There are three main differences between our new model and other dialogue practices:

1.Our model is designed to address precisely the core beliefs that we must confront if dialogue is to have a significant impact. Whereas many dialogue programs and other peace education projects skirt around the edges of the key issues, Healing Hatred concentrates on examining our most important convictions about ourselves and our society – our overwhelming sense of moral superiority; of victimhood; of the justification that we are only defending ourselves against enemies single-mindedly intent on our destruction; fear for our very survival, both as individuals and as a people.

2.Where in standard dialogue groups the emphasis is on listening to the Other to understand their point of view, and to create empathy for their situation, in the Healing Hatred process the emphasis is on self-examination. The process we have created for the group revolves around the use of a questionnaire, which requires each participant to share with the group their own dilemma concerning the conflict to promote their own personal growth. Over the course of the group process, the group learns to listen deeply and hears many different stories from many different perspectives. In this respect, the process has a lot in common with other forms of dialogue. However,

3.The dynamic created is completely different from existing dialogue models, and ground-breaking. The group listens deeply to the individual, but their reflections are designed to assist that individual – not to justify themselves. The dynamic of competitive suffering, or of arguing, or of each side becoming entrenched in their stance in opposition to the Other, is avoided.
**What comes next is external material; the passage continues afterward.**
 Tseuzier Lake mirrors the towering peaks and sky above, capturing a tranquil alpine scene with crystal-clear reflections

Rather, the dynamic is created of honest sharing, of empathy, of understanding, of healing.

This model is now being used in the framework of other Rossing Center programs, such as Meeting Place and the Ramle Open House, as well as in partnership with the Holy Land Trust in Bethlehem.

Project Staff

Vivian Rabia, Project Director

International Conference in Jerusalem - Bethlehem- Bet Jalla, 2017

Based on the Healing Hatred project, Dr. Sarah Bernstein (Rossing Center) and Prof. Ruhama Weiss (HUC) presented a draft model for dialogue in conflict at the 2016 International Conference of the International Association of Spiritual Care (IASC) in Bern, Switzerland, see The IASC Board asked the Rossing Center, HUC, and HLT to co-host and co-organize the 2017 International Conference of the IASC in Jerusalem-Bethlehem-Bet Jalla, 9-11 July. The conference was a huge success, as it created the opportunity for us to share our model with both local and international audiences, and further a world-wide conversation about models for healing hatred.
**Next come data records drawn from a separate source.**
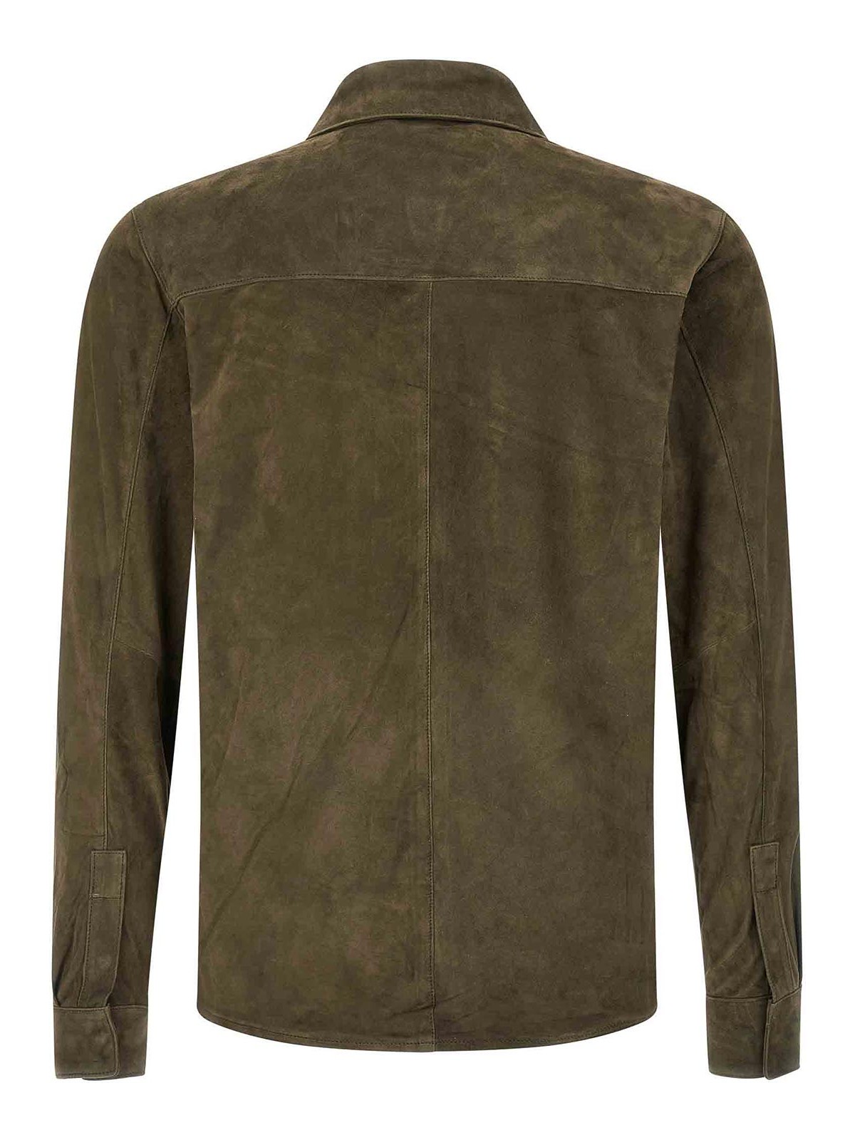 スエードシャツグローブ、ポケット、フロントスナップボタンクロージャー、ロングカフスリーブ。
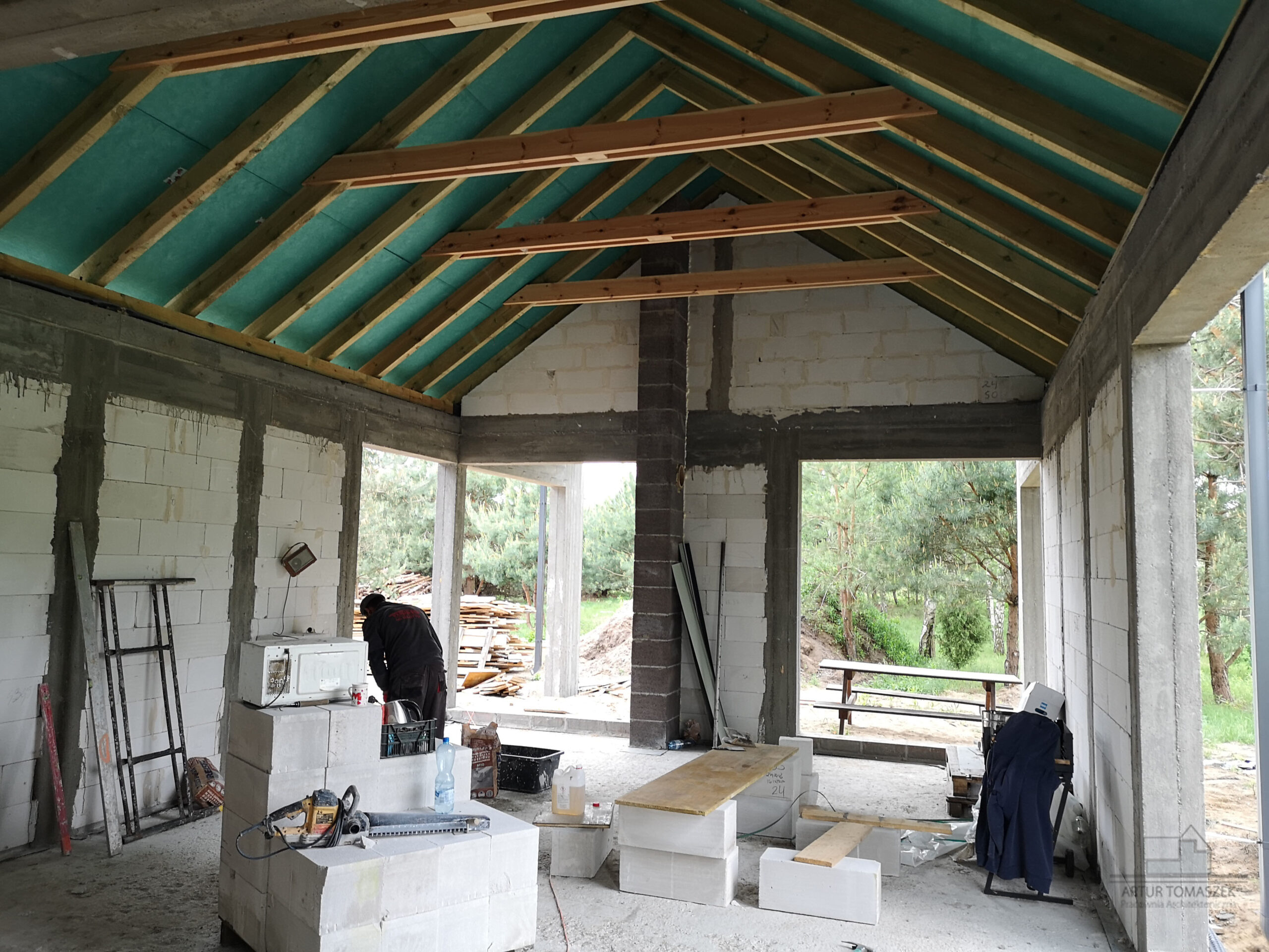 Każda ze stodół pełni różne funkcje. W jednej mieści się strefa dzienna (przestronny salon) oraz część garażowo – techniczna. Salon otwarty jest na skosy dachu tworząc sufit katedralny. Motyw powielony jest na tarasie stanowiącym przedłużenie bryły domu. W drugiej stodole mieści się strefa nocna (trzy pokoje dzieci, pralnia, gabinet i master bedroom). Stodoły połączone są łącznikiem – przeszkloną przestrzenią stanowiącą strefę wejściową i komunikacyjną domu. To dodatkowy pokój zapraszający domowników i gości do poszczególnych części domu.
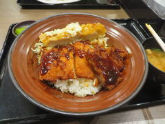 美東ちゃんぽんが有名だそうですが、昼間にも麺類を食べたので、その隣の丼屋さんで食事をいただきました。トンカツとチキンカツが一緒になった薩長同盟丼だそうです。アイデアも面白かったのですが、もちろん味も美味しくいただきました。
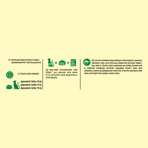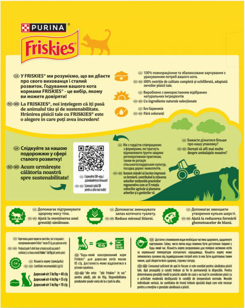 Наши кошки - природные исследователи, заинтересованные во всем, что происходит вокруг них. Коты, которые постоянно находятся в помещении, лишены радости и преимуществ общения с природой. Именно поэтому эксперты Purina разработали корм Friskies, для удовлетворения пищевых потребностей кошек, живущих дома. Без добавления искусственных ароматизаторов и красителей. Friskies обеспечивает кошек качественным, сбалансированным питанием на протяжении десятилетий. Мы наполняем миллионы мисочек для кошек и гордимся этим, неся огромную ответственность. От нас зависит обеспечение уверенности в том, что все кошки, которые питаются вкусными кормами Friskies, получают здоровое питание, в котором они нуждаются. Именно поэтому корма Friskies не содержат добавленных искусственных ароматизаторов и красителей. Поэтому вы можете продолжать кормить их тем вкусным кормом, который они любят, и гордиться этим.
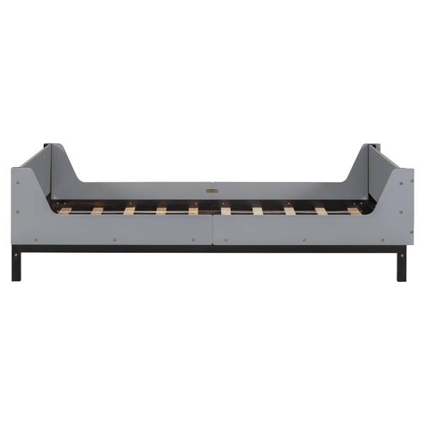 Gray Wood Frame Twin Size Platform bed with Bed-end Storage Book Rack, Side Guardrails
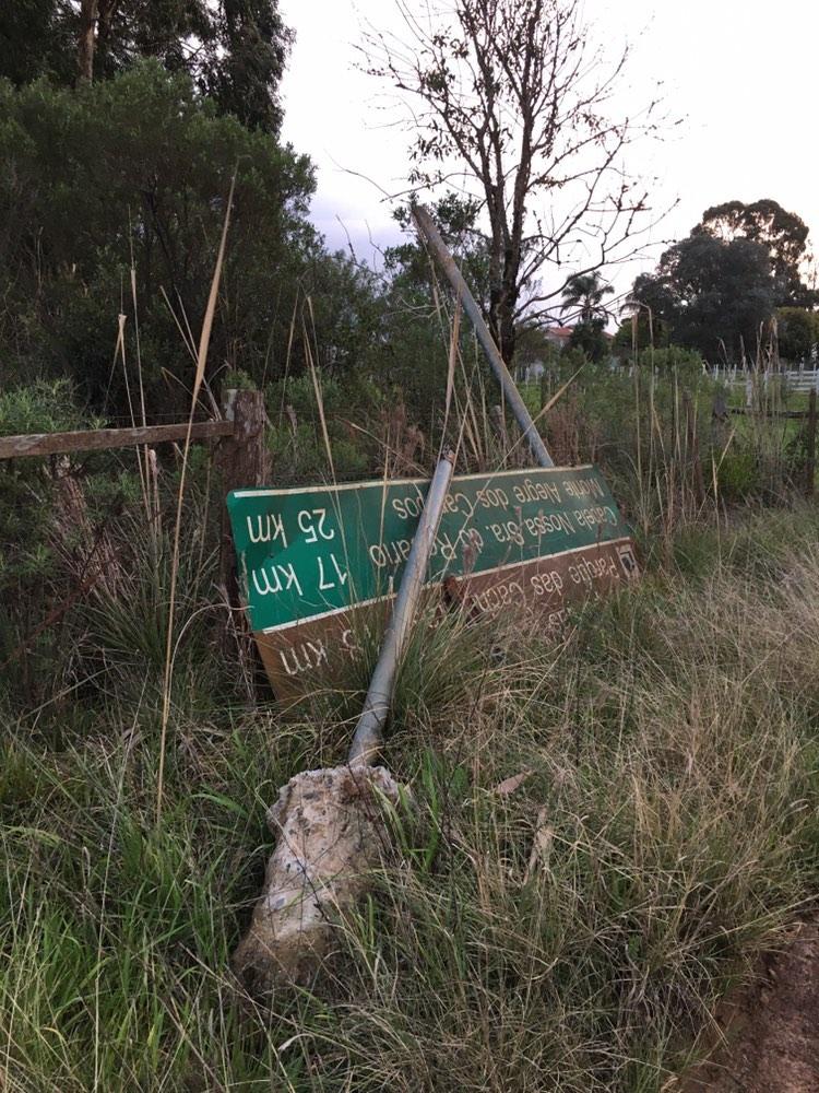 - Que seja providenciada a recolocação das placas que identificam e orientam o deslocamento as comunidades do 5° distrito e atrações turísticas desta determinada região. segue fotos em anexo.

Building on the successful conferences held in 2015 and 2016, which examined the fields of Spiritual Care in an Intercultural World, and Spiritual Care and Migration, the 2017 conference has continued the process of investigating and developing the field of spiritual care in different directions, focusing on the complex context of political conflicts and examining the meeting point of spiritual care and interreligious peacebuilding work. The conference has brought together around 180 speakers and participants from a wide array of different professional and academic backgrounds for two and a half days of papers, panel discussions and practical workshops, and has provided an ideal forum for exchanges around the concept of trauma underlying the conflict and preventing progress toward a sustained political solution.

The key-note speaker that addressed the conference is Fr. Michael Lapsley, the Founding Director of the Institute for Healing of Memories in South Africa. Fr. Michael both inspired and informed our work here in Israel-Palestine, as well as other reconciliation work around the world. As well as speaking at the conference, we also had the opportunity to have a full-day training seminar with Fr Michael for the entire Rossing Center team, together with our partners from Holy Land Trust and HUC.

Other international speakers included Prof. Pamela Cooper-White from Union Theological Seminary in New York and Sarah Snyder, the Advisor on Reconciliation to the Archbishop of Canterbury.